MiroL 01-14-2009 12:41 AM

small slackware even smaller??
 
I followed instructions on http://small-slackware.blogspot.com/ to make minimum slackware installation and i managed to cut off even more by erasing man files and files in /usr/doc. is there anything else i can erase to make it even smaller?

gnashley 01-14-2009 02:19 AM

That really is a very good howto with very close to the minimum you can install and still have a runnable and extendable system.
The big question is what do you want to be able to do with your installation?

I see a very few packages there which migt be dispensed with:
man & groff (since you don't want man-pages)
cxxlibs (these are libs for programs written in C++ none of the base porgrams use them)

If you can do without udev and use static device files, then you can get rid of udev and device-mapper

You can also get rid of findutils, sed, grep and gawk but you may need them later if you start adding other things...

You can get rid of bzip2 until you need it.
And you can get rid of utempter -it is only needed for xterm.

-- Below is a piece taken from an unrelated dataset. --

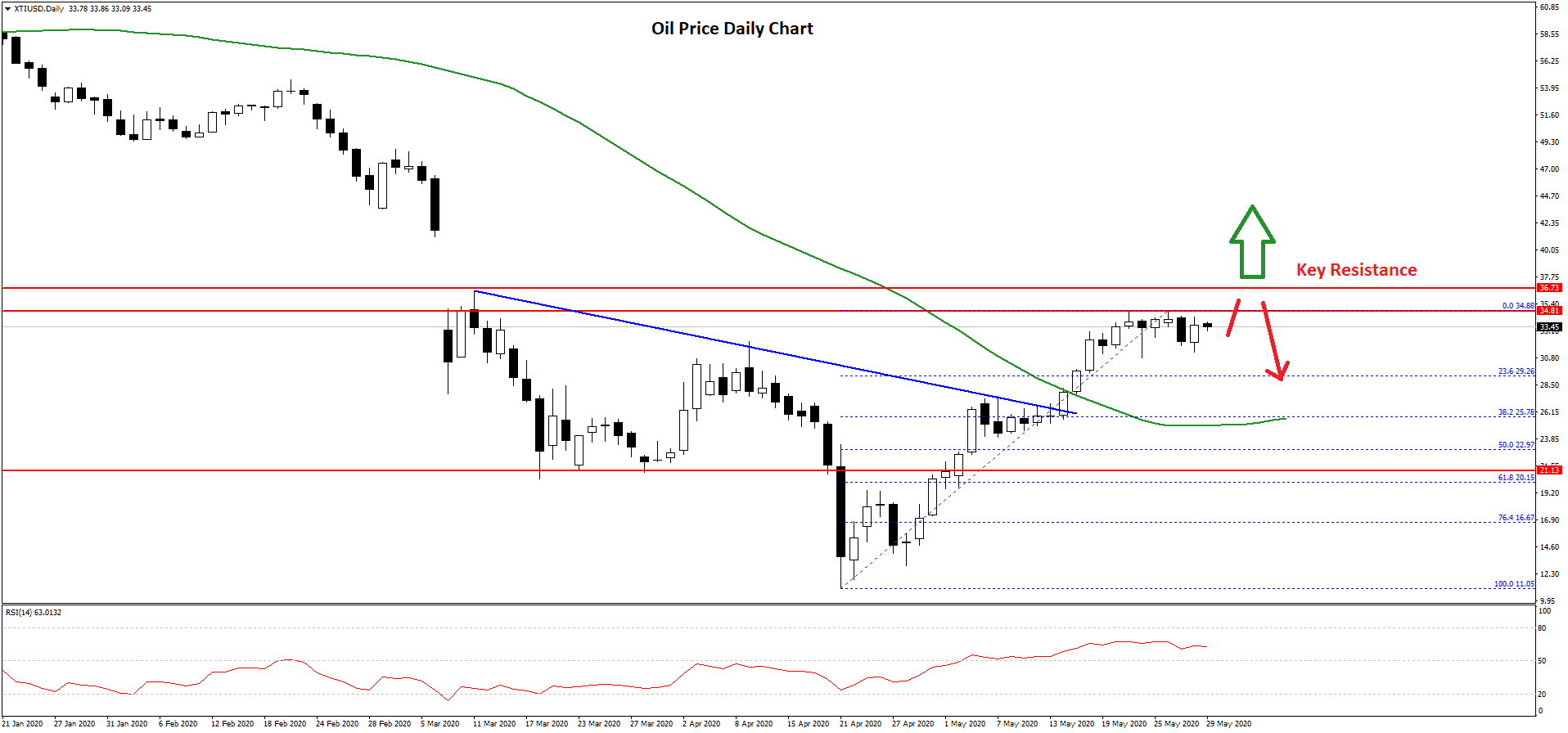 Gold price remained in a strong uptrend and traded above the $1,750 level before correcting lower. Similarly, crude oil price started a strong increase and climbed above $30.00.
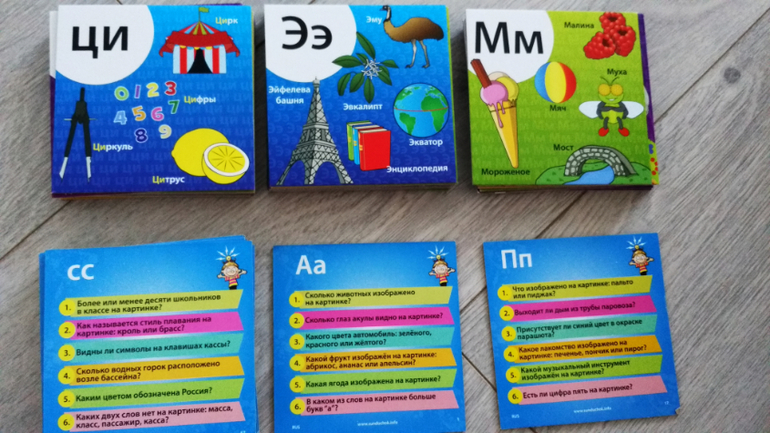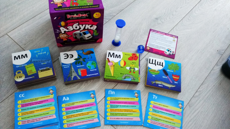 9) далее коробочка Азбука Brainbox. Нам подарили гости на 5 лет. До этого я ничего не слышала о сундучках brainbox. Качество отличное - толстый картон. Играем как мемори. Сын смотрит на карточку и запоминает предметы, пока песок сыпется в часах. Затем переворачивает на обратную сторону, кидает кубик и отвечает на вопрос под выпавшим номером. Вопросы написаны на обратной стороне карточки. В нашем сундучках есть буквы (33 шт) и есть большая стопка карточек на правописание ( жи-ши, ча-ща, б-п и др) . Мы играем только с буквами. Не могу сказать, что играем часто, но если играем, то за раз карточек 10 можем позапоминать)

You can get rid of all the network packages or replace them without whaever is appropriate for your setup.
You can even do without sysklogd if you don't need system logging.
You can leave out less.
The biggest savings you can make out of all that is to get rid of the kernel modules and the huge kernel, by compiling a custom kernel which includes all the features you need hard-linked into the kernel. You can then get rid of module-init-tools as well Saves about 20MB removing these three! Or, since the huge kernel already includes nearly eveyrthing essential, juts use it and leave the modules and module-init-tools out.

You can leave out aaa_elflibs as it contains lots of libraries not needed for your tiny system, but you'd need to install a couple of extra packages separately like ncurses and maybe others.

Everything else is aboslutely essential to boot the system -except for tar, pkgtools and gzip which you will need in order to add any packages. Also lilo could be left out, assuming you have installed lilo during installation and never need to change the configuration, or are using the bootloader from some other installation.

If the following short list won't boot, then leave in aaa_elflibs and find out what is needed from it and substitute it with the real package for that.

That leaves you with:
A packages:
sysvinit
sysvinit-scripts
etc
aaa_base
aaa_terminfo
bash
glibc-solibs
coreutils
kbd (you can leave this out if you have a US keayboard)
shadow
devs
util-linux
e2fsprogs
pkgtools
getty
shadow
tar
gzip
lilo
kernel-huge

L packages:
ncurses


HMMM, I swore I'd never try to create a list like this again, but I've just gotten up and am still sleepy, so my resistance was low...

sahko 01-14-2009 03:22 AM

Quote:

Originally Posted by gnashley (Post 3407962)
And you can get rid of utempter -it is only needed for xterm.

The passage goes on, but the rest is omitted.